Extreme Risk Protection Orders: This is a new approach which entails confiscation of guns when a gun owner’s behavior indicates the person presents a likely harm to himself or others. It is especially important when there is a history of domestic violence and escalating abuse. I’m not a fan of laws which require a conviction because it ignores how many people die before a perpetrator ends up in court. This approach is essential when guns were purchased before abusive behavior surfaces.
Assault Weapon Bans: This is a no-brainer since they aren’t constitutionally protected weapons, and they are the weapons of choice for shooting rampage perpetrators. Ditto for large-capacity ammunition magazines.

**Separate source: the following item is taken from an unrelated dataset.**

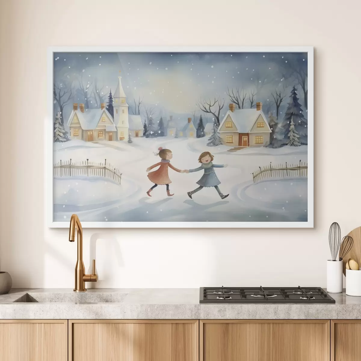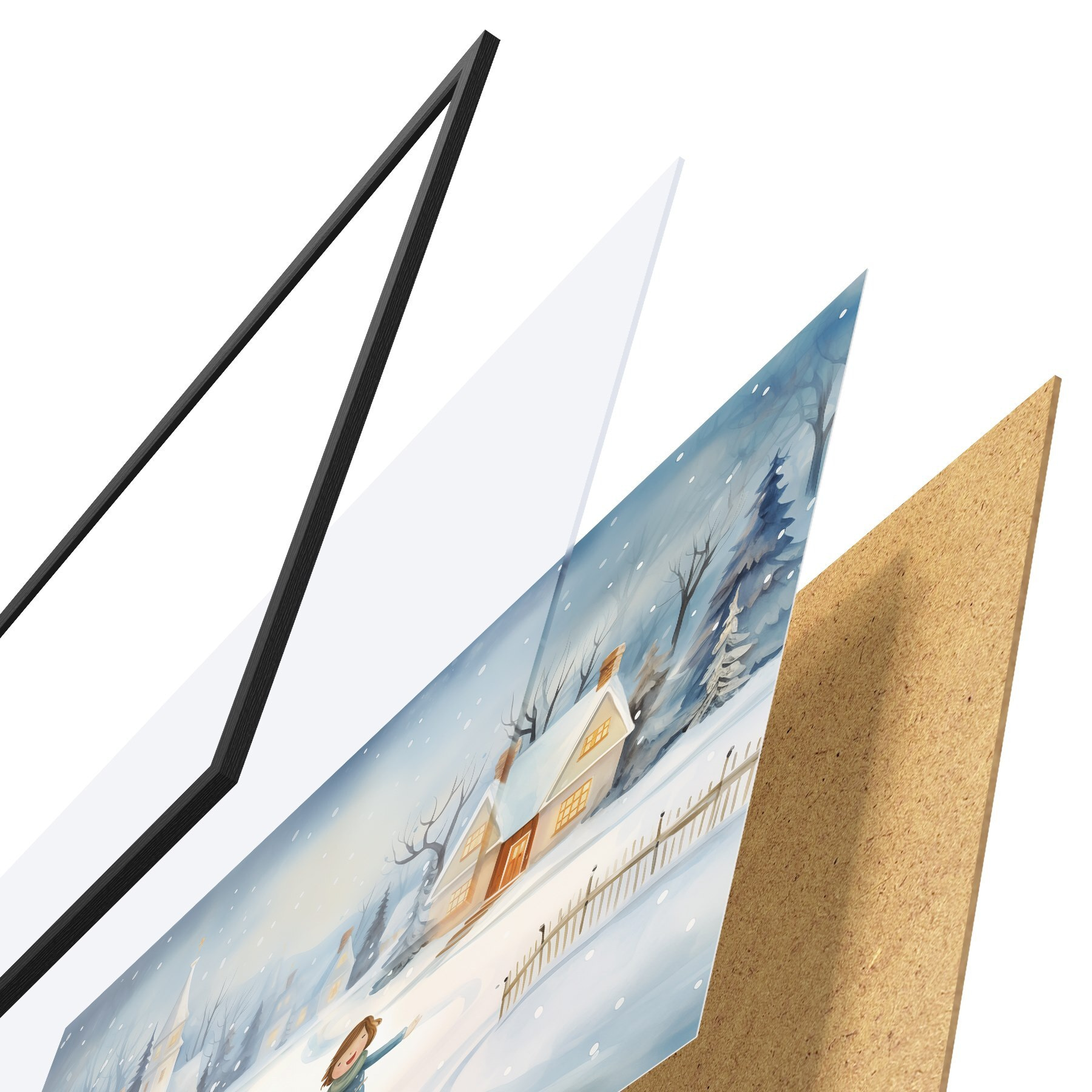 Plakatas Mergaitės žiemos kaime, snaigės, akvarelė, namai, miškas f41385

One percent of the population is essentially holding the other 99% hostage.
Metal Detectors in Schools: There’s a reason metal detectors are at courthouses, airports, concert venues, etc.
Tax Assault Weapons and Ammunition: Who is going to pay for the expense of “hardening” our schools and employing school resource officers? Since just 1% of the population owns assault rifles (which aren’t constitutionally protected), why should the rest of us bear the tax burden?
An Indiana high school spent $400,000 on a security system which has been deemed the safest in America. If we replicated this in the approximately 100,000 schools in America, the cost would be about $13,103/assault weapon owner.
Better FBI Profiles: I’m not a huge fan of enhanced background checks because the FBI still has their collective heads up their asses in terms of a viable assessment of the profiles of shooting rampage perpetrators. They have historically misconstrued domestic violence and child abuse as mental illness. While domestic violence might have its roots in mental illness, a substantial number of mentally ill people are not violent and don’t aspire to engage in power and control tactics over others.
Mandatory Insurance on Assault Weapons and Gun Collections: Insurance is mandated by law or contract for motor vehicles and homes. If it was similarly mandated for assault weapons and arsenals of guns, insurance companies would make a lethality assessment and charge premiums to cover the cost of shooting rampage carnage. I trust insurance companies to make more accurate assessments than the FBI or law enforcement.
My heart stopped when my colleague Victor Rivas Rivers posted on Facebook that his niece, Samantha Fuentes, had been shot multiple times. Mr. Rivers is the spokesperson for the National Network to End Domestic Violence and the author of the amazing memoir, A Private Family Matter.
It appears Ms. Fuentes might be following in her uncle’s footsteps, and he’s very proud of her. The New York Times wrote about her injuries and ROTC service which is where she met the shooter. Before the shooting rampage began, Ms. Fuentes’ class had been studying hate groups and the history of the holocaust. In another article, the NYT reported that she wasn’t impressed by her phone chat with Donald Trump.
She has been interviewed by Inside Edition and the Today Show. She remembered classmates who didn’t survive in an interview with WSVN. She told her local ABC affiliate that she witnessed the deaths of Helena Ramsey and Nicholas Dworet.
Children deserve protection. Ironically, the #NeverAgain student activists are demonstrating leadership while government officials are behaving like children.